* **Your instructions**
Your task is to restate word for word the lines in the material below, from the one with "5月7日至8日,由印度尼西亚" up to and including the one with "Danas je dan". Do not carry over the pictures.

─── Dataset entries

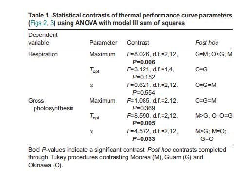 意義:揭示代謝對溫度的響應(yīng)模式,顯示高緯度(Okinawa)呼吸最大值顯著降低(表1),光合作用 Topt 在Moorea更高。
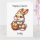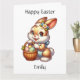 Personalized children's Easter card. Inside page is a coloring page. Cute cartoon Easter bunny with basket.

──────
─── Dataset entries

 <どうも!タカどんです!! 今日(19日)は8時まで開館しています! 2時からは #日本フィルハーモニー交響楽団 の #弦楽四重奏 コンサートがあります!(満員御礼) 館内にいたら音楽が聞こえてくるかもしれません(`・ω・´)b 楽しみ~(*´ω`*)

──────
─── Dataset entries

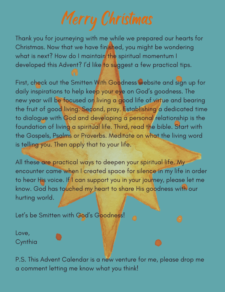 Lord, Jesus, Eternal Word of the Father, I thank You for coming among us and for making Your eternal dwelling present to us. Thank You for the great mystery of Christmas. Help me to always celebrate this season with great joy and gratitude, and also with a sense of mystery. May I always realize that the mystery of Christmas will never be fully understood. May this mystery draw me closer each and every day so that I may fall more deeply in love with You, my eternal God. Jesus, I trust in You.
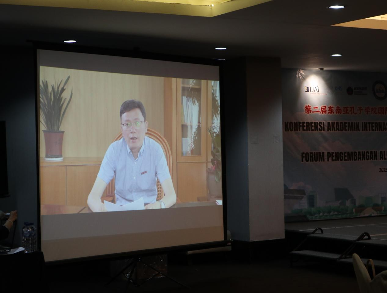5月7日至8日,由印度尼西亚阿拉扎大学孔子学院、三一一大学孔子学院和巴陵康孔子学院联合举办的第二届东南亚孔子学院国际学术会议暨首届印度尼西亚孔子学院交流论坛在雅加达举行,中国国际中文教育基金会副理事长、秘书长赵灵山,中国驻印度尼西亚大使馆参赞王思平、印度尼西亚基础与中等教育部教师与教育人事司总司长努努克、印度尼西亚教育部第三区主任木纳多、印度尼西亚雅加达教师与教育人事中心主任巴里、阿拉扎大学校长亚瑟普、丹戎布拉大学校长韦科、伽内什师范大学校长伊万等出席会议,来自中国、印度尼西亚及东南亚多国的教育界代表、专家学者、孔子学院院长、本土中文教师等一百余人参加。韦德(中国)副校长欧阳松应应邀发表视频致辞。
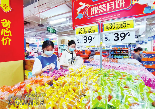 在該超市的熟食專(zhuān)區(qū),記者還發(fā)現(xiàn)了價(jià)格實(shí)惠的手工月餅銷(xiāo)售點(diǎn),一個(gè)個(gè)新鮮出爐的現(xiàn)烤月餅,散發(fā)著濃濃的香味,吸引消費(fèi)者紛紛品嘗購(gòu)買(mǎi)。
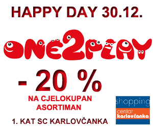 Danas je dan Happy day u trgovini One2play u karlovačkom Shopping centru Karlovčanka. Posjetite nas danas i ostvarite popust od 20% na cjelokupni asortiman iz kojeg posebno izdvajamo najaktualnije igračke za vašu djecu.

──────

* **Solution to this problem**
5月7日至8日,由印度尼西亚阿拉扎大学孔子学院、三一一大学孔子学院和巴陵康孔子学院联合举办的第二届东南亚孔子学院国际学术会议暨首届印度尼西亚孔子学院交流论坛在雅加达举行,中国国际中文教育基金会副理事长、秘书长赵灵山,中国驻印度尼西亚大使馆参赞王思平、印度尼西亚基础与中等教育部教师与教育人事司总司长努努克、印度尼西亚教育部第三区主任木纳多、印度尼西亚雅加达教师与教育人事中心主任巴里、阿拉扎大学校长亚瑟普、丹戎布拉大学校长韦科、伽内什师范大学校长伊万等出席会议,来自中国、印度尼西亚及东南亚多国的教育界代表、专家学者、孔子学院院长、本土中文教师等一百余人参加。韦德(中国)副校长欧阳松应应邀发表视频致辞。
 在該超市的熟食專(zhuān)區(qū),記者還發(fā)現(xiàn)了價(jià)格實(shí)惠的手工月餅銷(xiāo)售點(diǎn),一個(gè)個(gè)新鮮出爐的現(xiàn)烤月餅,散發(fā)著濃濃的香味,吸引消費(fèi)者紛紛品嘗購(gòu)買(mǎi)。
 Danas je dan Happy day u trgovini One2play u karlovačkom Shopping centru Karlovčanka. Posjetite nas danas i ostvarite popust od 20% na cjelokupni asortiman iz kojeg posebno izdvajamo najaktualnije igračke za vašu djecu.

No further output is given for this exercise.